■ **Exercise directions**: All of the entries must be reproduced exactly, with no images carried over.

[Stored data entries]
----

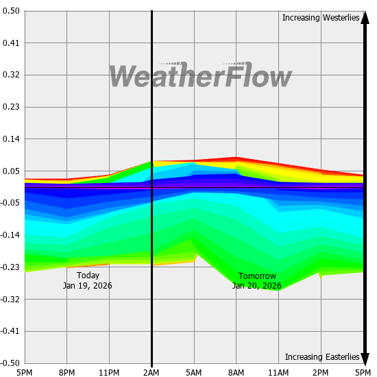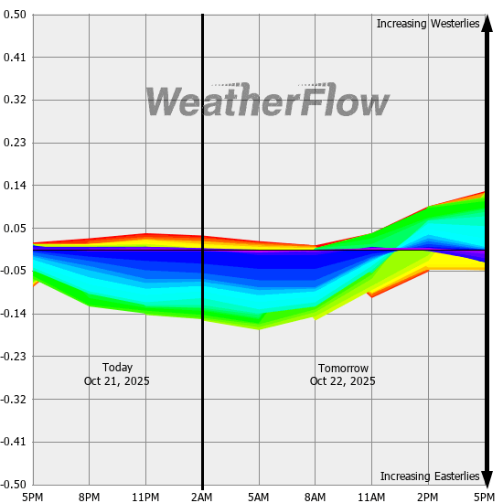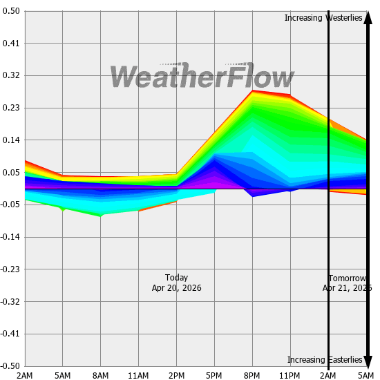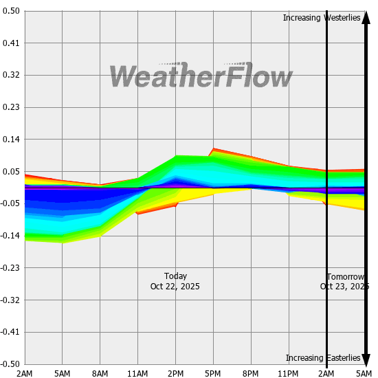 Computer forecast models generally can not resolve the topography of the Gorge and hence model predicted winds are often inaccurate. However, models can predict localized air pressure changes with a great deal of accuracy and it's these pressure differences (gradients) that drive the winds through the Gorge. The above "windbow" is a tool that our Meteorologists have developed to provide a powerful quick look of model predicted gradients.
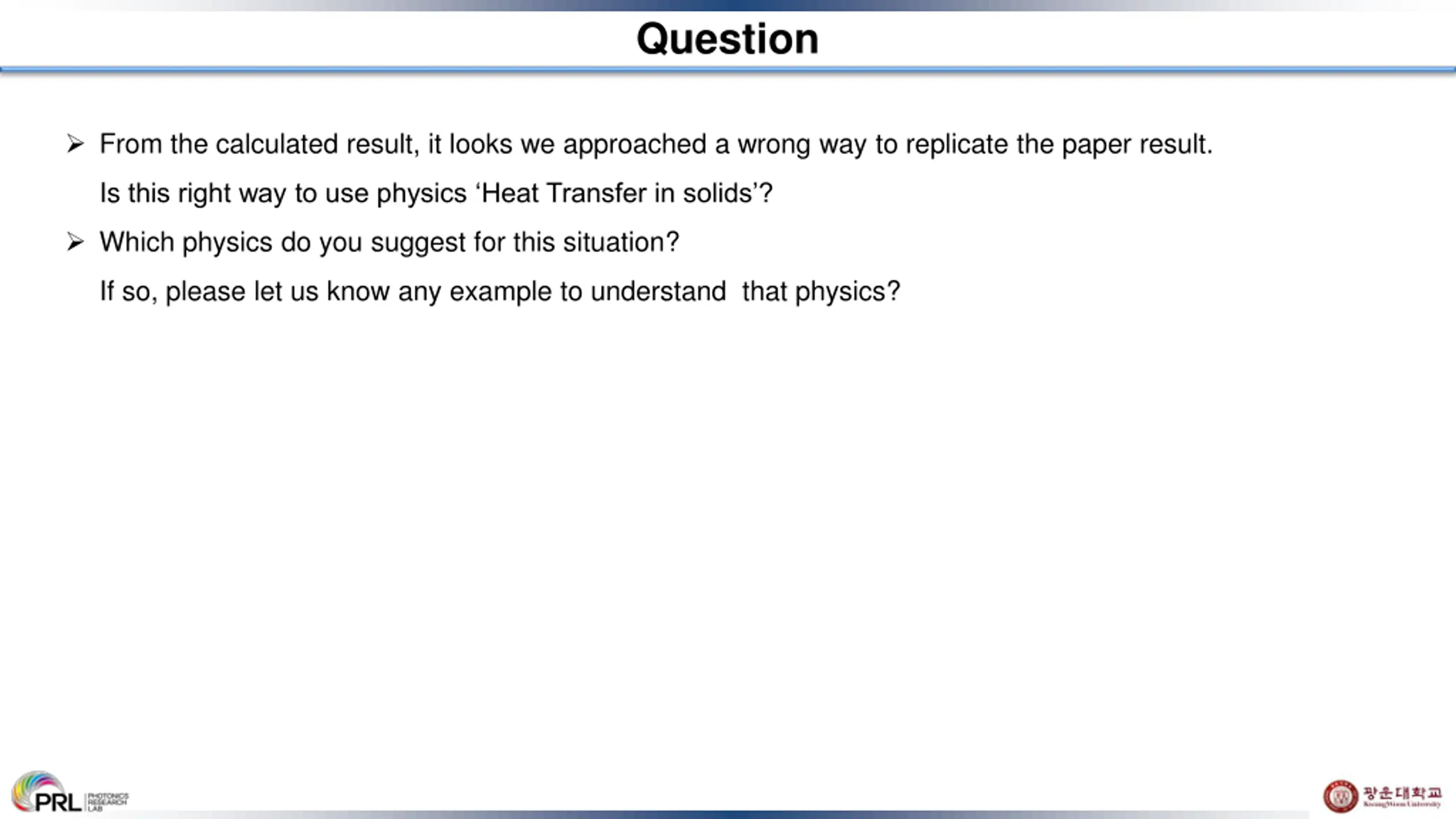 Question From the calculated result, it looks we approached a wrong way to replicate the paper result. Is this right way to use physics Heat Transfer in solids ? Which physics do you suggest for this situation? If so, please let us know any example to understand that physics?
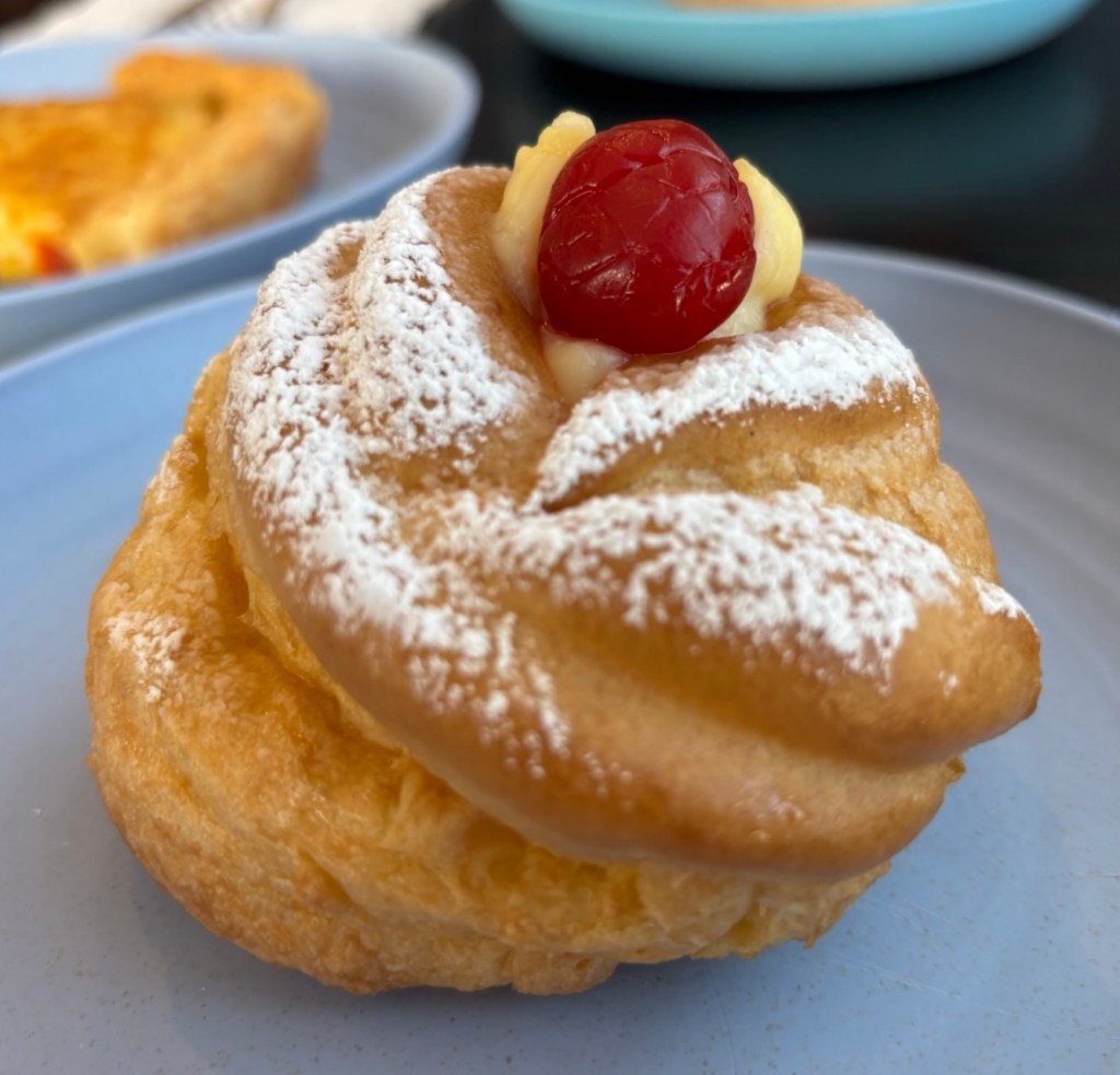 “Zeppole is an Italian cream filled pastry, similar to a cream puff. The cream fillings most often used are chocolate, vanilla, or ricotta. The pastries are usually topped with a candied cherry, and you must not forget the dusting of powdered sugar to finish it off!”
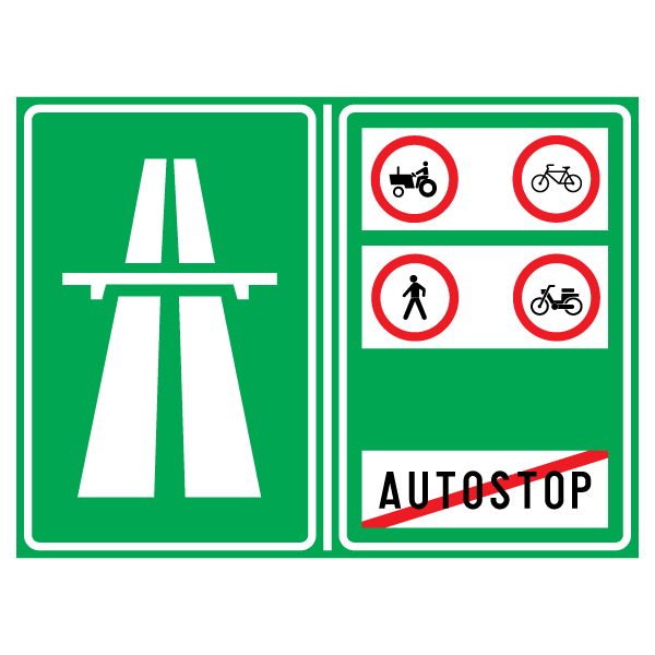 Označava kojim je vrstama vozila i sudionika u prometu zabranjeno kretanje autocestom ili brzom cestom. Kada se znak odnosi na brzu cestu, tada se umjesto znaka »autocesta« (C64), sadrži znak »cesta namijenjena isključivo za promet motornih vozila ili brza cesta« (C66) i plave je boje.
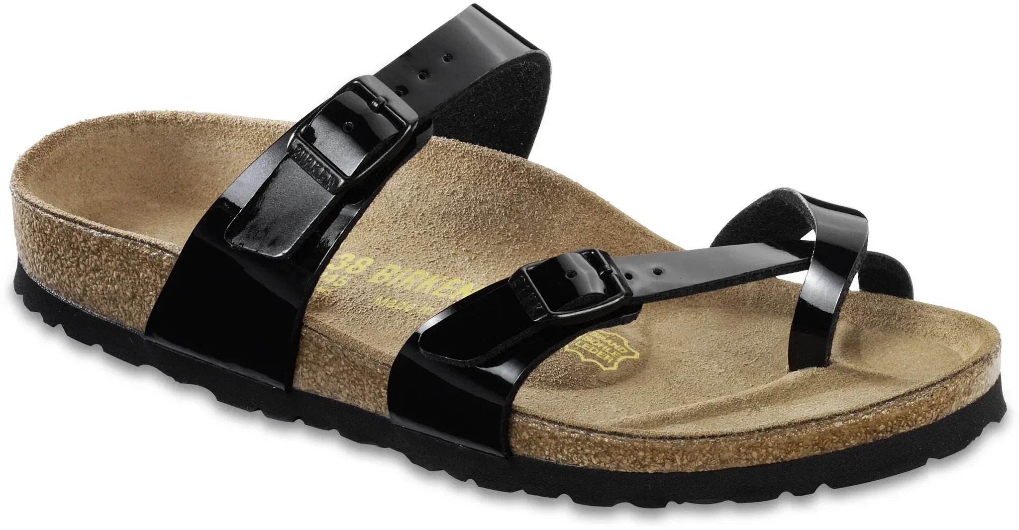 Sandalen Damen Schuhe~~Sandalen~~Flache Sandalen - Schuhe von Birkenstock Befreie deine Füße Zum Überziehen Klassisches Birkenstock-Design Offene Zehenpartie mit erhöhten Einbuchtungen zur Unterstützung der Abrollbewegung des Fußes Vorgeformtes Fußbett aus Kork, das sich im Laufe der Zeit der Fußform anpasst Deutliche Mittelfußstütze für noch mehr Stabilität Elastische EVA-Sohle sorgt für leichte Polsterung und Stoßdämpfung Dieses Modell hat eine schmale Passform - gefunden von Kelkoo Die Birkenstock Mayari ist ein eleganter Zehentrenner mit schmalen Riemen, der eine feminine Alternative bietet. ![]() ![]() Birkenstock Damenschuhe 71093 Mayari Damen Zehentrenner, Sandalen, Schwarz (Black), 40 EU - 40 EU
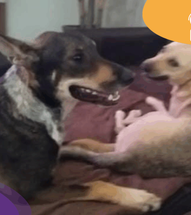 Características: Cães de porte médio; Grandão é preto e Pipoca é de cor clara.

----

■ **Task answer**:
 Computer forecast models generally can not resolve the topography of the Gorge and hence model predicted winds are often inaccurate. However, models can predict localized air pressure changes with a great deal of accuracy and it's these pressure differences (gradients) that drive the winds through the Gorge. The above "windbow" is a tool that our Meteorologists have developed to provide a powerful quick look of model predicted gradients.
 Question From the calculated result, it looks we approached a wrong way to replicate the paper result. Is this right way to use physics Heat Transfer in solids ? Which physics do you suggest for this situation? If so, please let us know any example to understand that physics?
 “Zeppole is an Italian cream filled pastry, similar to a cream puff. The cream fillings most often used are chocolate, vanilla, or ricotta. The pastries are usually topped with a candied cherry, and you must not forget the dusting of powdered sugar to finish it off!”
 Označava kojim je vrstama vozila i sudionika u prometu zabranjeno kretanje autocestom ili brzom cestom. Kada se znak odnosi na brzu cestu, tada se umjesto znaka »autocesta« (C64), sadrži znak »cesta namijenjena isključivo za promet motornih vozila ili brza cesta« (C66) i plave je boje.
 Sandalen Damen Schuhe~~Sandalen~~Flache Sandalen - Schuhe von Birkenstock Befreie deine Füße Zum Überziehen Klassisches Birkenstock-Design Offene Zehenpartie mit erhöhten Einbuchtungen zur Unterstützung der Abrollbewegung des Fußes Vorgeformtes Fußbett aus Kork, das sich im Laufe der Zeit der Fußform anpasst Deutliche Mittelfußstütze für noch mehr Stabilität Elastische EVA-Sohle sorgt für leichte Polsterung und Stoßdämpfung Dieses Modell hat eine schmale Passform - gefunden von Kelkoo Die Birkenstock Mayari ist ein eleganter Zehentrenner mit schmalen Riemen, der eine feminine Alternative bietet. ![]() ![]() Birkenstock Damenschuhe 71093 Mayari Damen Zehentrenner, Sandalen, Schwarz (Black), 40 EU - 40 EU
 Características: Cães de porte médio; Grandão é preto e Pipoca é de cor clara.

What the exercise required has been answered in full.